After initial opposition to Kilicdaroglu’s candidacy, she returned to the alliance after convincing Kilicdaroglu that the Istanbul and Ankara mayors would serve as vice presidents if the opposition wins the May presidential election.
FORMER HDP LEADER SELAHATTIN DEMIRTAS
Former leader of pro-Kurdish Peoples’ Democratic Party (HDP) Selahattin Demirtas, 49, remains a key political figure despite being in jail since 2016. Polls suggest the oppositon alliance needs support from the HDP to defeat Erdogan. In recent months Demirtas’ Twitter account, with more than 2 million followers, had called for Kilicdaroglu to be the opposition candidate.
Demirtas was previously sentenced to three years in prison for insulting the president and now faces a potential life sentence in a trial with more than 100 other HDP politicians accused of instigating 2014 protests in which dozens died.
DEVA PARTY LEADER ALI BABACAN
Babacan, 55, is an ex-deputy prime minister and former close ally of Erdogan who quit the AKP in 2019 over differences about its direction.
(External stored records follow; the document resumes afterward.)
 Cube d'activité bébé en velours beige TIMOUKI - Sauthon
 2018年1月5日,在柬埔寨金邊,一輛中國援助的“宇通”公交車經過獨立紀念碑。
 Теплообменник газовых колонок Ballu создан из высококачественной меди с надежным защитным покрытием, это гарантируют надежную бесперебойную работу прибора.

He formed the Deva (Remedy) Party and urged reforms to boost the rule of law and democracy. A former economy and foreign minister, he was well regarded by foreign investors.
FUTURE PARTY LEADER AHMET DAVUTOGLU
Davutoglu, 64, a former prime minister and foreign minister, broke with the AKP in 2019 and established the Gelecek (Future) Party. In the first decade of AKP rule he championed a less confrontational foreign policy with the mantra « zero problems with neighbours », and has since criticised what he describes as a lurch towards authoritarianism under the executive presidency.
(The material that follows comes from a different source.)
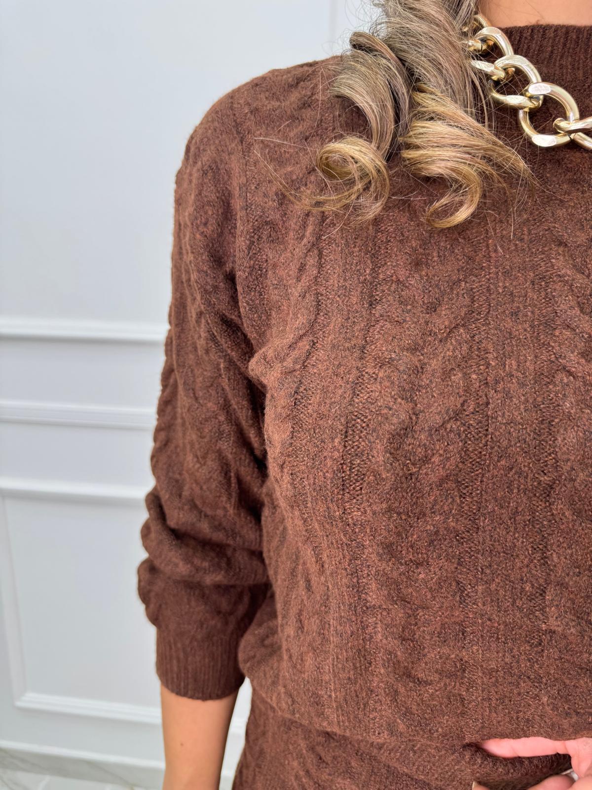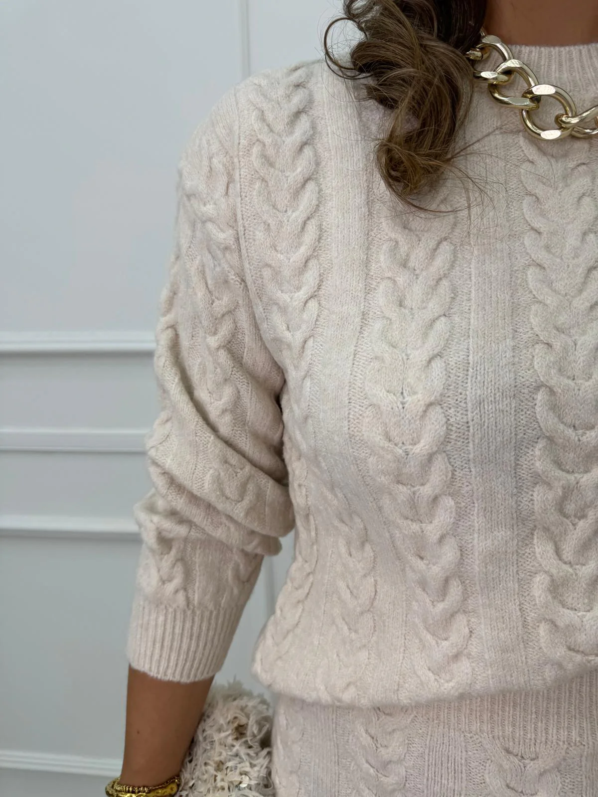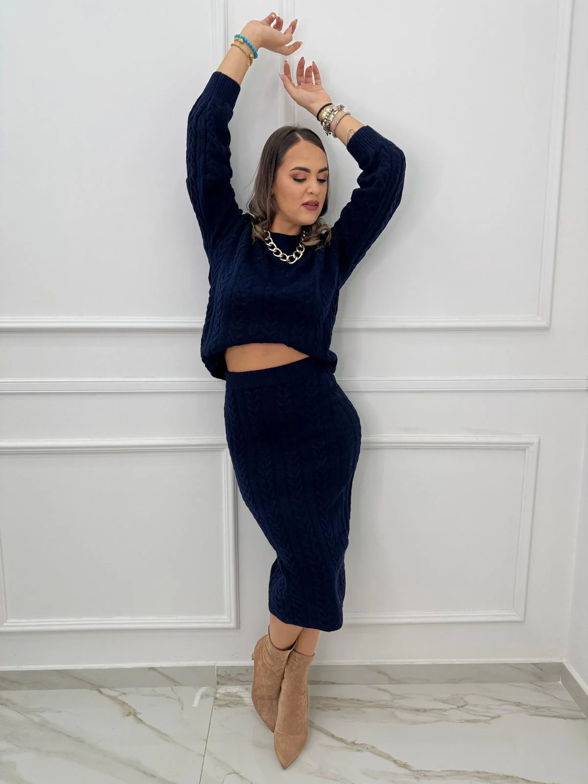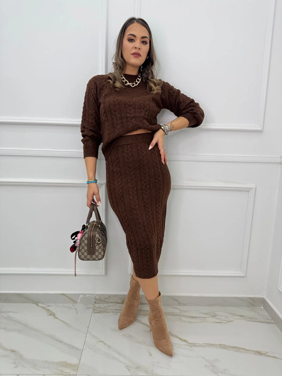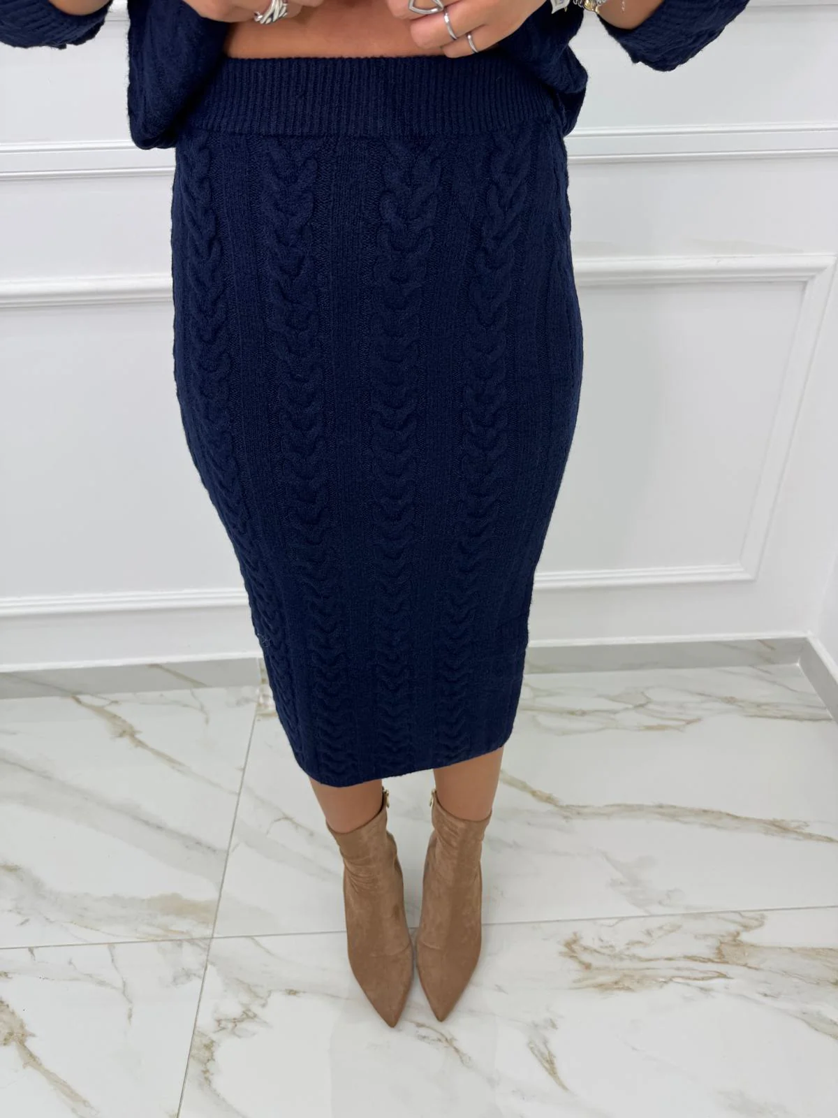Coordinato 2 pezzi tinta unita Trama treccia Maglia giro collo Gonna con elastico in vita Elasticizzato Veste tranquillamente fino ad una taglia “L” La modella รจ una taglia 44, alta 1,79m Tessuto: poliestere, poliamide, viscosa, lana

ISTANBUL MAYOR EKREM IMAMOGLU
After five years as CHP mayor of an Istanbul district, former businessman Ekrem Imamoglu, 52, rose to prominence in March 2019 when he defeated the AKP’s candidate in the Istanbul municipal election. He was sentenced to more than two years in prison in 2022 for insulting public officials and faces a political ban if the ruling is upheld.
ANKARA MAYOR MANSUR YAVAS
Nationalist politician and lawyer Mansur Yavas, 67, defeated the AKP’s Ankara mayoral candidate 2019 as the CHP candidate backed by an opposition alliance. Previously he served for 10 years as the nationalist MHP mayor of an Ankara district until 2009. He left the MHP and joined CHP in 2013.